Beim Builden meiner ionic/cordova-App meckert Android Studio immer es sei die Variable ANDROID_SDK_ROOT nicht gesetzt; wenn man danach googlet, findet man die unterschiedlichsten Sachen dazu. Von C:\Program... bis hin zu C:\Users…?

Wirklich ein Problem machen tut es deswegen nicht, ich möchte aber trotzdem diese Variable, u.A. aus Kompatibilitätsgründen, korrekt setzen.
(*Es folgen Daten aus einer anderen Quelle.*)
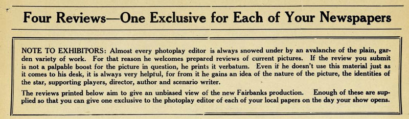 The marketing kit openly states that “If the review you submit is not a palpable boost for the picture in question, he [the editor] prints it verbatim.” Smuggling marketing copy into print under the guise of an independent review and obtaining free advertising for the studio was hardly unexpected in the age of hoopla and other film studios engaged in similar antics but it is amusing to see the plan talked about so frankly.

Oder gibt es gar keinen explizisten SDK-Pfad mehr - ist neuerdings alles sonstwo „zusammengewurstet“ ? Finde jedenfalls nicht entsprechendes, wenn ich die beiden oben genannten Pfade (inkl Anzige versteckter Dateien) durchsuche.

Danke für die Feedbacks.


----------



## mihe7 (3. Mrz 2020)

Guckst Du: https://stackoverflow.com/questions/29391511/where-is-android-sdk-root-and-how-do-i-set-it/53138471


----------



## ruutaiokwu (3. Mrz 2020)

Ich glaube da überhaupt kein Verzeichnis vorzufinden, welches den Begriff `SDK`, in welcher Form auch immer, enthält...


----------



## mihe7 (3. Mrz 2020)

Braucht ionic/cordova kein SDK? Was sagt denn der SDK-Manager?


----------



## ruutaiokwu (3. Mrz 2020)

Mal mal schauen...


----------



## ruutaiokwu (19. Mrz 2020)

*"Mal mal schauen..."*

1 `mal` zu viel, hehe! ;-)

Habe das Thema angeschaut, diese Variable ist nicht (mehr) wirklich relevant, scheint was obsoletes zu sein...

Vielen Dank.


----------